> [Problem details]
Find the line containing "The configuration database" in the listing below. Repeat it exactly, along with each following line up to and including the one containing "Жакет женский из".

> [Records provided]
◇ ◇ ◇ ◇ ◇

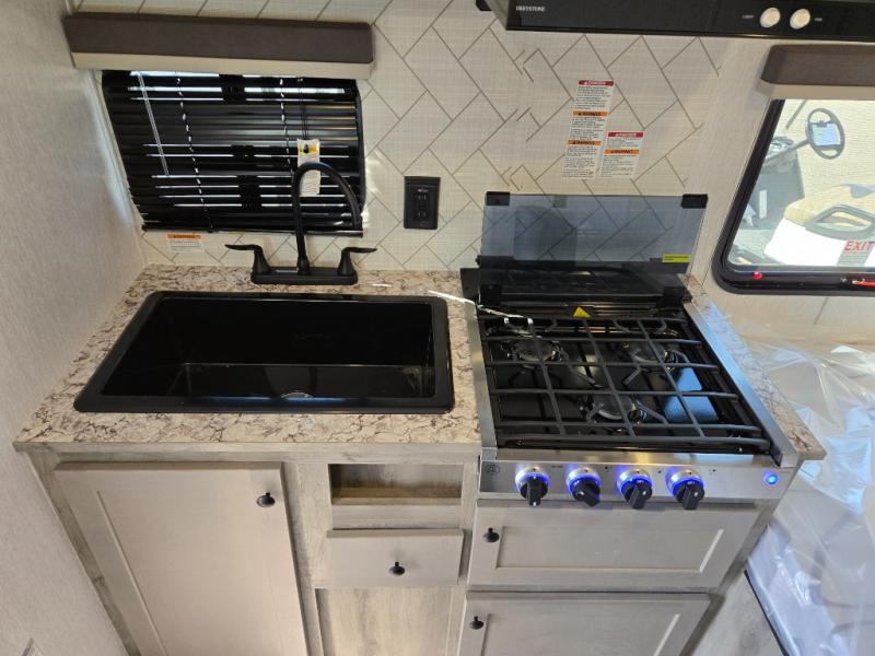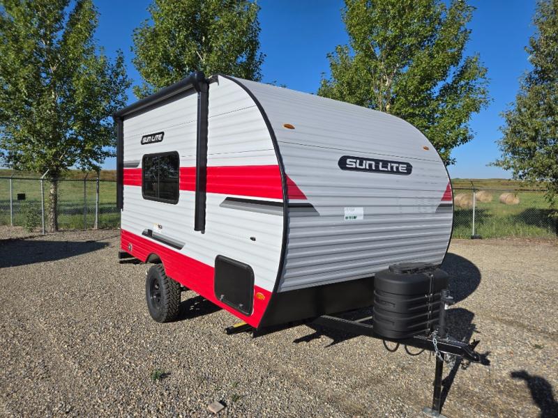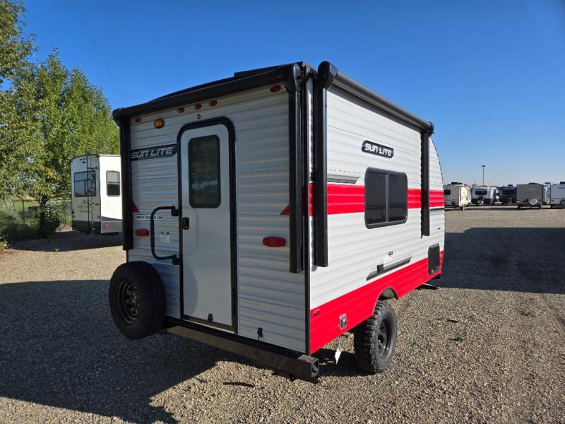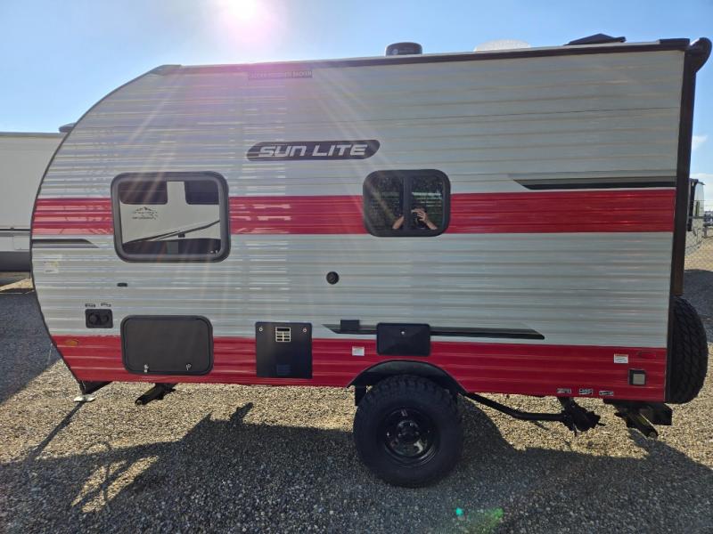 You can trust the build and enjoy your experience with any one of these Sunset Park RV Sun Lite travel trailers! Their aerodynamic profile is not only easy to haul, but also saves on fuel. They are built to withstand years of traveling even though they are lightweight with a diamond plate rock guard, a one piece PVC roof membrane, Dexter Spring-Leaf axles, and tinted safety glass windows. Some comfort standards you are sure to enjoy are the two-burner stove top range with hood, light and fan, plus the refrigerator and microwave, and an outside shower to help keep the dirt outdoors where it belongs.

◇ ◇ ◇ ◇ ◇

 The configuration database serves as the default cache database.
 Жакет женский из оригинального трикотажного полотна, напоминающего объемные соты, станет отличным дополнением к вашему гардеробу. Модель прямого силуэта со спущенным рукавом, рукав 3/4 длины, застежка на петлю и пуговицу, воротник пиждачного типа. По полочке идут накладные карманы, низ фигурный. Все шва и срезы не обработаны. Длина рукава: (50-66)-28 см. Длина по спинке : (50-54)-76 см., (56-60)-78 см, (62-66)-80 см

◇ ◇ ◇ ◇ ◇

> [Answer for the task]
 The configuration database serves as the default cache database.
 Жакет женский из оригинального трикотажного полотна, напоминающего объемные соты, станет отличным дополнением к вашему гардеробу. Модель прямого силуэта со спущенным рукавом, рукав 3/4 длины, застежка на петлю и пуговицу, воротник пиждачного типа. По полочке идут накладные карманы, низ фигурный. Все шва и срезы не обработаны. Длина рукава: (50-66)-28 см. Длина по спинке : (50-54)-76 см., (56-60)-78 см, (62-66)-80 см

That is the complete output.